Brexit is having a negative impact on musicians, confirms ISM report

7 May 2019, 12:35 | Updated: 7 May 2019, 14:04

Brexit is having a negative impact on the music profession
Brexit is having a negative impact on the music profession. Picture: Getty

By Lizzie Davis and Helena Asprou

Brexit is on the horizon – and in the ISM's latest report, research has revealed how it is having a negative effect on the music profession

Today, the Incorporated Society of Musicians (ISM) has published its fourth report looking at the effects of Brexit on the music profession: Impact of Brexit on Musicians.

It is centred around research conducted in February of this year, which builds on previous surveys and concerns shared by more than 2,000 musicians.

Surveys reached out to respondents from a cross-section of the music workforce, including performers, composers, directors, teachers, academics and sound engineers – and covered every genre, from classical and jazz to folk and thrash metal.

What are the effects of Brexit on the music profession?

In the report, a worrying 95 per cent of respondents said that Brexit identified a negative impact on their professional work since the EU referendum result in 2016.

A further 63 per cent cited difficulty in securing future work in EU27/EEA countries, with more than 1 in 10 finding offers of work withdrawn or cancelled because of Brexit.

ISM Webinar: No deal Brexit what it could mean for musicians

What's more, one in seven musicians have less than a week's notice between being offered work and having to take it – leaving them with a great deal of stress and little time to prepare.

A musician responding to this statistic added: “I’ve had ensembles questioning me as to whether it’s feasible for them to employ me post-Brexit.

“They’re turning to me for guidance and there is nothing I can offer them. I’m about to pull out of a project because it is a recording and if we discover there are problems, it’ll be difficult to replace me at short notice.”

Another 64 per cent of survey respondents said that a two-year, multi-entry visa would cause concern over their future ability to work in the EU27/EEA if freedom of movement rights were lost.

In light of this, and among other recommendations for Government, the report calls for freedom of movement to be protected for musicians or the introduction of a two-year working visa.
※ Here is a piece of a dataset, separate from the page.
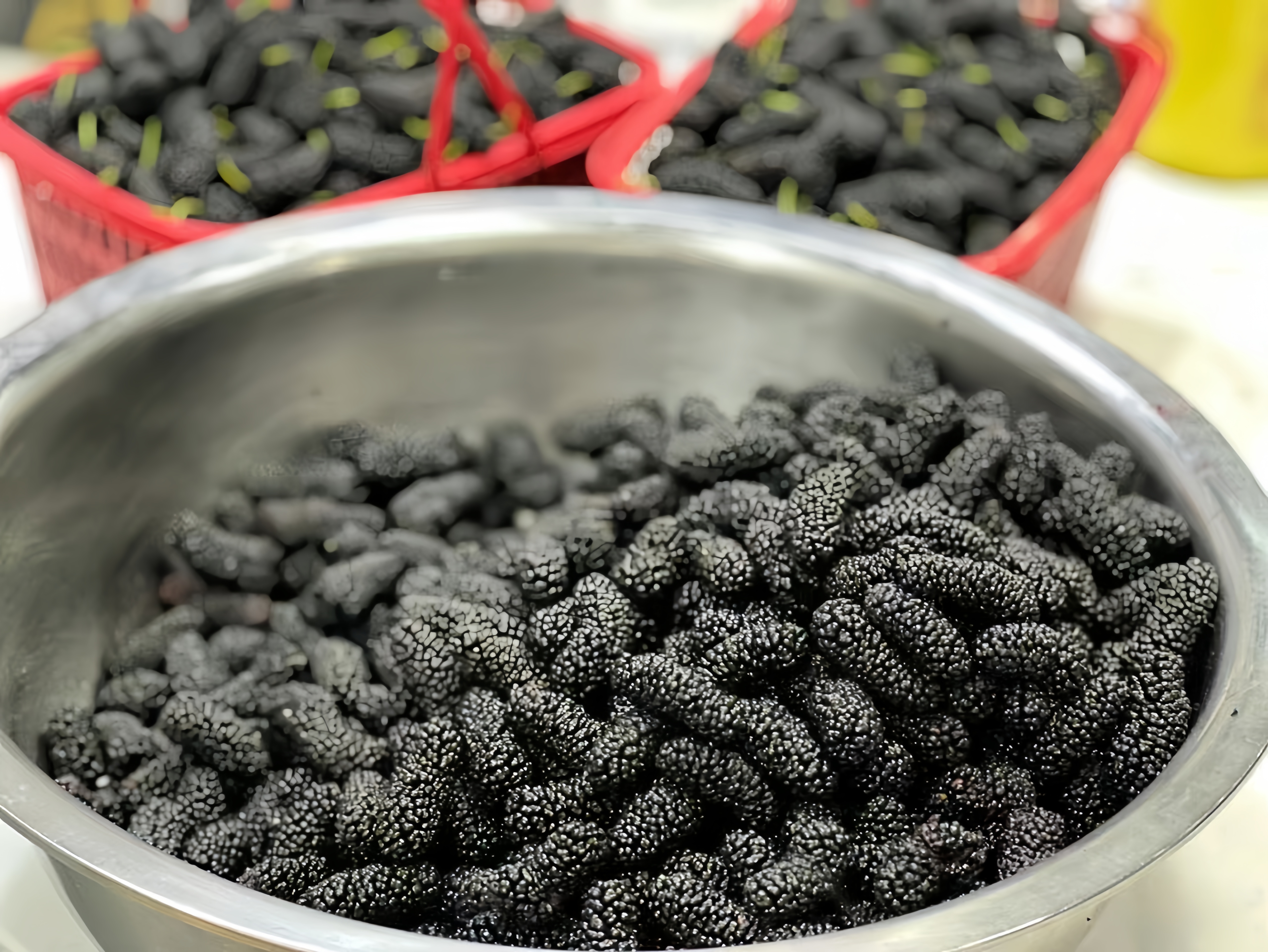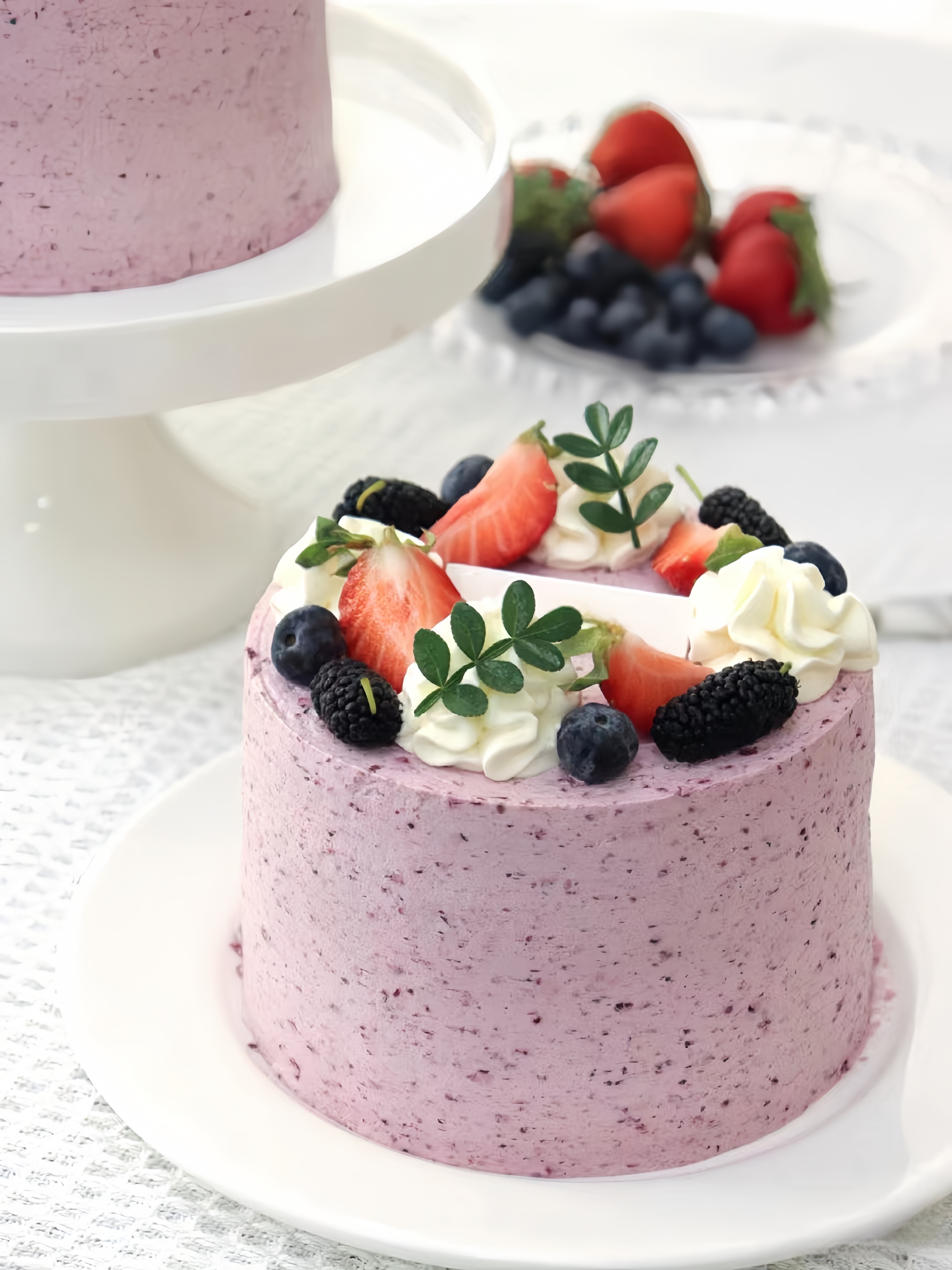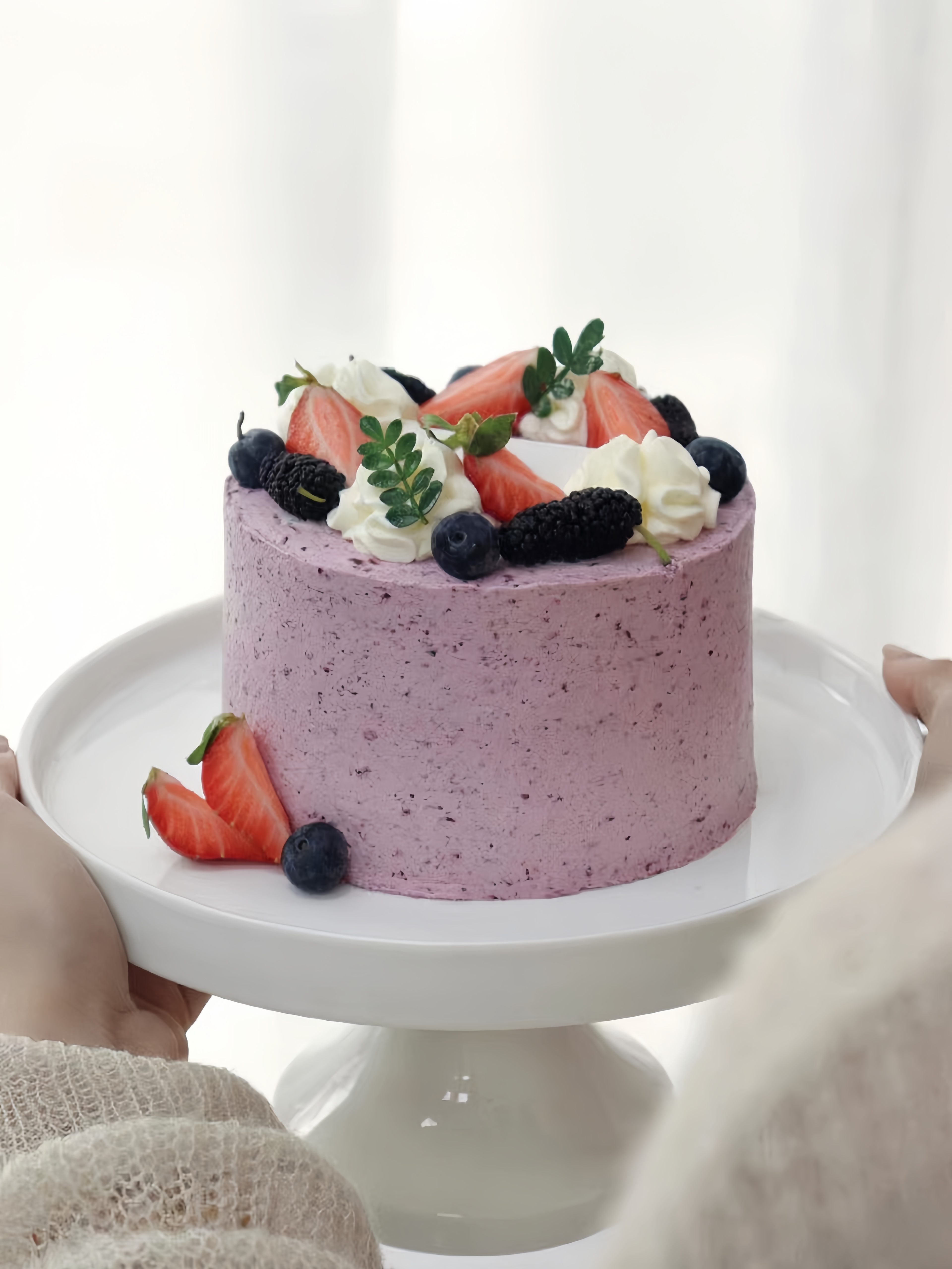 「食材」100%法国/新西兰动物奶油,轻乳酪戚风蛋糕,自制桑葚果蓉,新鲜桑葚,自制草莓果蓉。

Lord Black of Brentwood said: ‘Music is an essential part of our national identity, and can play an increasingly important role in the UK’s soft power.

Anna Patalong sings 'Caro nome' from Rigoletto

“If and when the UK leaves the EU, it is our prosperous music industry (now valued at £4.5bn a year to the economy), our musical heritage, and our worldwide reputation for musical excellence which must inevitably be one of the most secure engines for prosperity in post Brexit Britain.

“If musicians cannot travel easily to the EU27, this will all be put at risk.”

British soprano Anna Patalong added: “Freedom of movement is of course essential for our jobs, enabling us to move freely around the continent and work without restrictions. But even more importantly it allows artists of every kind in Europe to interact and share our languages, cultures and ideas.

“Collaboration is fundamental to Opera, which is an amalgamation of many art forms, and the opportunity to, as Oscar Wilde put it, ‘play gracefully with ideas’ is vital to keep us producing great work. The further apart we move, the harder that becomes.”

Which other musicians have voiced their concern over Brexit?

In a feature in the Guardian, a number of leading figures across different areas of the music industry have also warned of the damage Brexit will cause.

John Summers said that ending freedom of movement “will have a profoundly negative effect on the orchestral life in the UK.”

Helen Wallace, programme director of Kings Place in London told the paper: “At present, a French pianist can come over on Eurostar to St Pancras, step on to the stage at Kings Place and perform with no charges and no bureaucracy.

“If European musicians start needing visas and other permissions – such as certificate of sponsorship and so on – the cost of the time spent on administration, aside from the extra charges, would present further barriers to booking these artists.”

Edinburgh International Festival 2018
Edinburgh International Festival 2018. Picture: Getty

The comments come after months of mounting concern among musicians about the possible effect of Brexit.

In October 2018, a group of high profile musicians including conductors Sir Simon Rattle and Sir John Eliot Gardiner and pop stars Rita Ora and Ed Sheeran wrote an open letter to Theresa May. They said:

“We dominate the market and our bands, singers, musicians, writers, producers and engineers work all over Europe and the world. In turn, Europe and the world come to us. Why? Because we are brilliant at it. […] It reaches out, all inclusive, and embraces anyone and everyone.”

“But Brexit threatens, as it does so much else, this vast voice. This huge global cultural influencer. We are about to make a very serious mistake regarding our giant industry and the vast pool of yet undiscovered genius that lives on this little island.”

In April 2018 the Estonian composer Paavo Järvi told Classic FM: “Brexit won’t make the lives of British musicians any easier. It will isolate a lot of them and create logistical and financial barriers.”

“Musicians are all brothers – whether you’re in an orchestra in London or Paris, Birmingham or Lille. But some clever opportunists have hijacked the whole country, without thinking about the consequences.”